Rain menoleh dari balik bahunya, mengamati dengan sinis punggung Alicia yang perlahan ditelan gelap. Setelah itu, matanya mengerjap kembali. Kali ini tubuhnya benar-benar tersentak.
Seorang lelaki berpakaian sederhana dengan sarung yang terselampir menyilang di pundak, memakai topeng mengerikan dengan rambut serabut warna putih, lengkap dengan belati di tangan kanan−baru saja melewatinya. Perasaan buruk tiba-tiba memuntir jantung Rain tanpa alasan. Kemudian Ferry datang, menepuk keras pundak Rain sampai pemuda ini terkesiap.

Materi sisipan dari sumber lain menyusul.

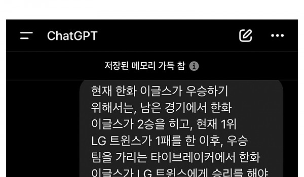 챗GPT가 예상하는 현시점 한화가 정규시즌1위 할 수있는 가능성
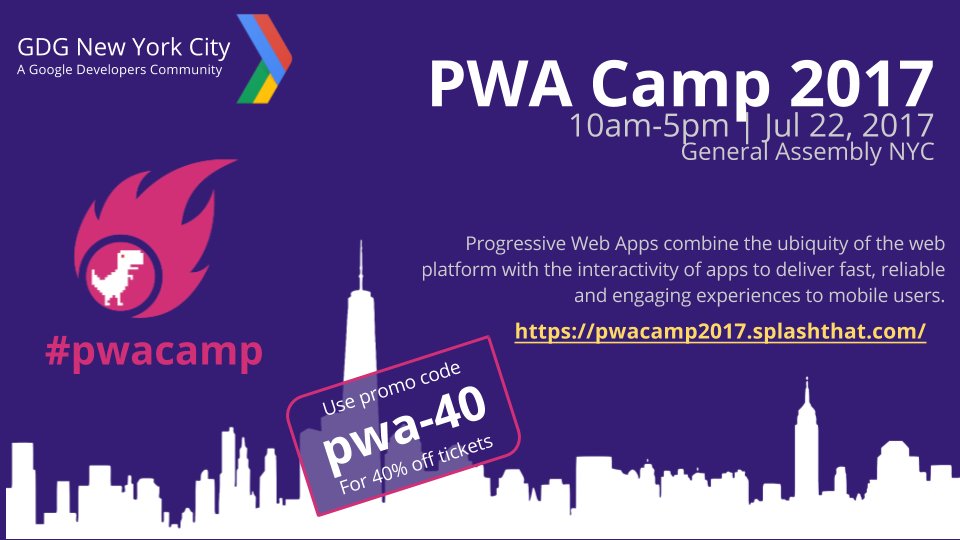 **TICKETS: https://generalassemb.ly/education/progressive-web-apps-camp/new-york-city/39343** **PROMO CODE: "pwa-40" **gets you the lowest discount (40% off) for the event. https://pbs.twimg.com/media/DEtz7IqXYAAjd0P.jpg:large **AGENDA:** Join us for this 1-day immersive learning "Study Camp" event where you will go from learning **Principles**(core concepts & tools) to **Programming** (hands-

“Rain, aku sudah memberitahu sekretaris Tuan Maurer!” Ferry mengatur nafasnya yang berantakan. “Dia akan segera menyampaikan pesanku. Lalu, apa kau sudah menemukan Alicia? Kita harus mengambil kalungnya lalu membuang perhiasan itu ke laut.”
Sejatinya beberapa saat lalu, Rain dan Ferry memergoki kumpulan lelaki aneh di dalam hutan. Kejadian itu tepat saat Rain baru saja menangis hebat karena Mia, dan akhirnya Ferry mengikuti Rain.
Mereka berhenti dan bersembunyi di balik pohon saat melihat beberapa pemuda bersama-sama melihat mesin pelacak. Setelah mendengar percakapan mereka, Rain dan Ferry akhirnya tahu bahwa mereka berniat jahat pada keluarga Alvayet.
“Tadi aku melihat orang asing itu berlari ke sini. Kau....tidak melihatnya?” Ferry mulai bertanya dengan hati-hati saat mencermati tatapan Rain yang kembali keruh. “Rain,” panggil Ferry takut-takut.
Rain tampak menelan ludah beberapa kali. Matanya tak fokus, berputar ke segala arah dengan cepat, lalu beberapa saat terpejam. Rain ingin melawan sesuatu yang masuk di dalam dirinya.
“Rain, katakan sesuatu! Kau kenapa?”
Rain sangat ingin mengutarakan perasaannya. Tapi rasa itu terlalu rumit untuk dijelaskan.
Sebuah suara menggema samar-samar dalam pendengarannya. Lalu suara itu mengucapkan kalimat pendek yang membuat seluruh syarafnya menegang.
...
“Kau merindukanku?” *Suara Olivier
...
Rasa khawatir  pada Alicia terus menghujam Rain. Tanpa alasan yang jelas, ia ingin menangis. Ia takut Alicia terluka. Ia tak ingin...
...
“Baiklah, mulai sekarang, kita tidak akan terpisah. Aku akan tinggal di sini, menjagamu. Aku tidak akan membiarkan siapapun melukaimu.”
...
Rain merasa nafasnya seperti direnggut paksa  menyadari bahwa suara yang terus menggema di hatinya adalah suara Olivier. Kalimat itu diucapkan Olivier untuk Alicia.
Sesak di dada membuat gemetar. Jiwanya seperti terbelah menjadi dua bagian. Satu bagian menginginkan tubuhnya bergerak menyelamatkan Alicia, dan bagian yang satunya lagi menginginkannya untuk diam.
“Oli-vi-yer!” Leher Rain seperti dicekik saat mengucapkan nama itu.
Rain bangkit lalu berlari sangat kencang. Kaki terasa begitu ringan saat dirinya memutuskan untuk bergerak menyelamatkan Alicia.